U.S. new-auto sales have grown at a record pace for much of the past five years. And, in 2015, new-car deliveries are expected to hit or top 17 million for the first time in more than a decade. General Motors reported $4.31 billion in profit last year. It has been making so much money because of the demand for its high-profit-margin SUVs and trucks that this month it quickly agreed to a $5 billion stock buyback, bowing to activist hedge-fund investors’ demands.
But the Detroit Three automakers argue the two-tier wage system is still necessary.
“The entry-level agreement has enabled Ford to insource work, grow jobs and invest in the U.S.,” Kristina Adamski, a head of manufacturing communications at Ford, said via email. “For the 2015 negotiations, we’re open to discussing many different solutions with our UAW partners that will allow us to continue to employ a competitive labor rate and add U.S. jobs and investment.”

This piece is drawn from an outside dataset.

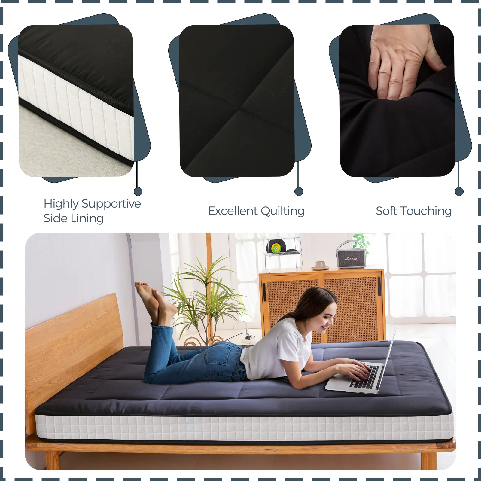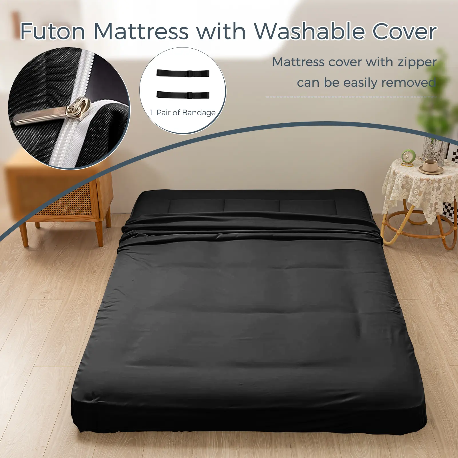 Experience superior cushioning and support with our extra-thick, high-density foam. This mattress provides exceptional comfort for sleeping or lounging, preventing any hard floor feel.

General Motors and Ford bear some of the highest labor costs per worker among the largest automakers with factories in the U.S., according to the latest wage analysis by the Center for Automotive Research. Last year, GM paid $58 per worker per hour (including profit-sharing bonuses and benefits), while Ford paid $57. Chrysler paid $48. Meanwhile, most foreign rivals, which run nonunion factories in the U.S., spent considerably less. One reason for the disparity centers on the fact that the U.S. units of companies such as Honda and Toyota have lower so-called legacy costs, mostly related to retirement benefits.
With all the positive news on the automotive front, many of the UAW’s rank-and-file members have demanded that eliminating the two-tier wage system should be a top priority.
Under the system, autoworkers who landed jobs with U.S. automakers since 2008 earn significantly less than those hired before then. During the 2011 contract negotiations, the UAW eked out a pay hike for the second-tier employees, giving them starting wages of $15.78 an hour, which increased to $19.28 after four years. The average hourly wage for workers hired before 2008 is $28, according to the union.
About 28 percent of the roughly 137,000 Detroit Three hourly employees spread out in factories across several states earn second-tier wages, which UAW members say has created a two-class wage system among them that threatens the sense of solidarity the union is supposed to engender.
Auto companies prefer to grant profit-sharing bonuses over raises because the bonuses aren’t fixed expenses and can be adjusted based on the companies’ ongoing performances. GM paid as much as $8,800 in profit-sharing bonuses to its more than 48,000 hourly workers in 2014, up from the maximum of $7,500 the previous year. Ford paid as much as $6,900 to its nearly 50,000 hourly workers last year. And Chrysler paid as much as $2,750 to its roughly 37,500 employees during the same period.
But the UAW is attempting to secure increases in base pay, because the base is more reliable, even though the resultant higher labor costs could cut the profit-sharing bonuses. Meanwhile, the union appears to be backing off efforts to eliminate the two-tier wage system, as it instead seeks to close the gap between the two tiers by calling for another pay hike for second-tier employees. Senior workers, who have seen two contracts come and go without increases, will also want raises. So, while all Detroit Three workers could get pay boosts after September, the temporary two-tier wage system is starting to look more like a permanent system -- or, at least, an indefinite one.